Curalate uses a micro-services infrastructure (SOA) to power its products. As the number of services began to grow, tracking down performance issues became more difficult due to the increasing number of distributed dependencies. To help identify and fix these issues more quickly, we wanted to utilize a distributed tracing infrastructure. The main goals were:

  • Standardize on performance tracing across services
  • Generation of trace identifiers that flow throughout the platform
  • Identify and examine outliers in near real-time
  • Collection of performance data that could also be post-processed
  • Easy for developers to add trace points

After evaluating several distributed tracing solutions, we chose Zipkin. Zipkin is an open source Distributed Tracing project released by Twitter that is based on the ideas behind Google’s Dapper.
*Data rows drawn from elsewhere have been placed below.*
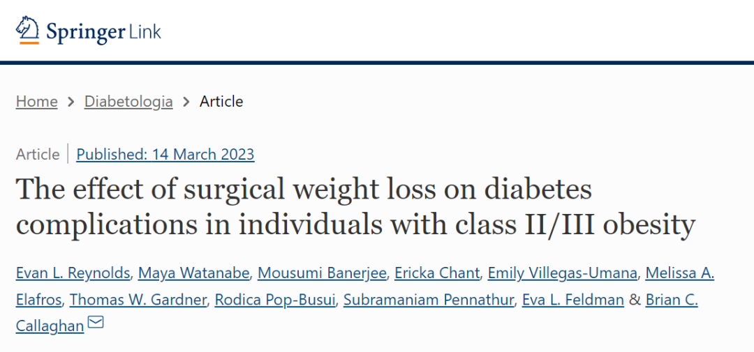 [1]Reynolds, E.L., Watanabe, M., Banerjee, M.et al. The effect of surgical weight loss on diabetes complications in individuals with class II/III obesity. Diabetologia (2023). https://doi.org/10.1007/s00125-023-05899-3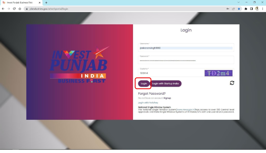 Once registered, go to Login Page or click on Existing User Login or INDUSTRY LOGIN from the top-right menu.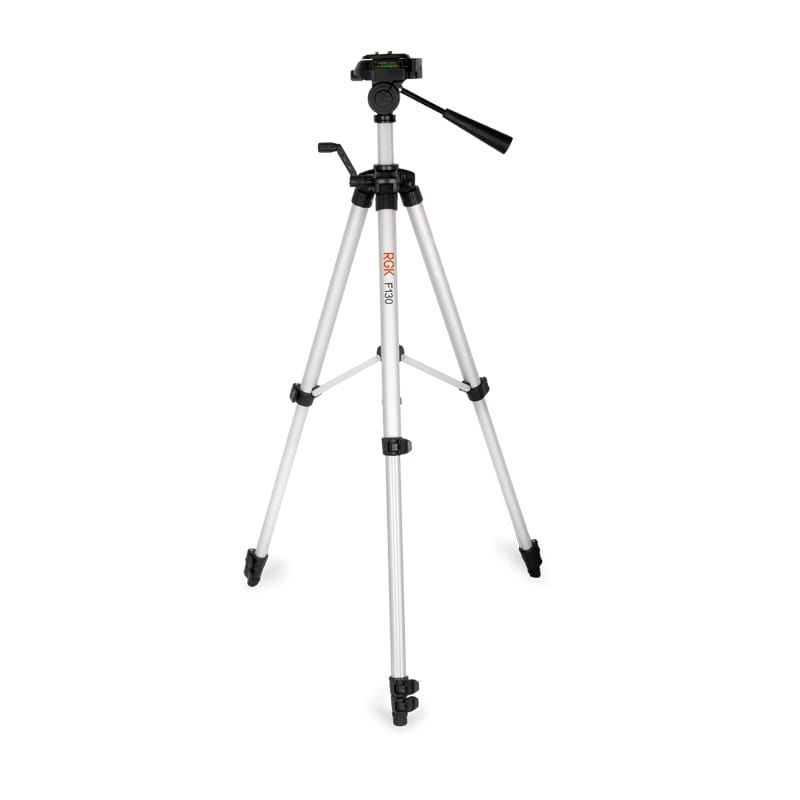 Отдельная рукоятка элевационного штатива RGK F130 позволяет наклонять нивелир или дальномер под углом для проведения таких работ, как отделка лестничных маршей или установка перил. При работе с лазерным дальномером наклонная головка значительно облегчает наведение на точку и обеспечивает стабильность измерений. За корректность позиционирования отвечает встроенный в площадку пузырьковый уровень.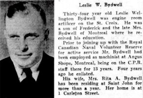 BYDWELL, Leslie Wellington, ERA, V25270, RCNVR, MPK - 20 Sep 1943, HMCS ST CROIX - Son of Frederick and Alice Bydwell, of Montreal, Province of Quebec; husband of Rita Annette Bydwell, of Saint John, New Brunswick.
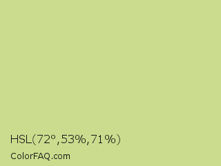 HSL 72°,53%,71% Color is a light lime color and the nearest color is Medium Spring Bud #c9dc87. Hex code #ccdc8e and RGB value is rgb(204,220,142). In RGB color space, this color is composed of 80% red, 86% green, 56% blue, In CMYK color space, this color is composed of 7% cyan, 0% magenta, 35% yellow , 14% black , In HSL color space, this color has a hue angle of 72° , 53% saturation and 71% lightness.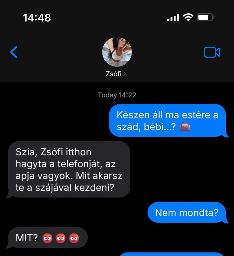 A lány betoppan az ajtón és izgatottan így szól: – Apa, most mondta nekem ezt egy srác, de nem értem… Az apa fölnéz az újságból, ráncolja a szemöldökét: – Na, mi az? Mondd csak, mit mondott? A lány kissé zavarodottan…

Since a majority of our services were already based on Finagle, Twitter’s open source RPC system, using Zipkin is a natural fit.

What are the main benefits of Zipkin?

Performance and Dependency Visualization

Zipkin allows you to quickly visualize complex requests, gaining insight into the timing, performance and dependencies. Here is an example trace from our QA environment (with names altered):

Traces can be queried based on endpoint, service, or even using custom trace annotations. For example, display requests that occurred in the last hour targeting object “foo” that were greater than 250 ms.

The Zipkin Project

The Zipkin project has done a majority of the heavy lifting! They separated trace generation, collection, storage, and display to allow for trace collection at large scale. The project provides the following components:

  • Collector: Reads traces from Transport layer (Kafka, HTTP, Scribe) and writes them to a storage layer (MySQL, Cassandra, ElasticSearch, etc.)
  • Query Server: Queries the storage layer for relevant traces
  • Web Server: UI that access the Query component for traces

Depending on your trace throughput requirements, you can choose the trace transport, storage and number of collectors to fit your needs.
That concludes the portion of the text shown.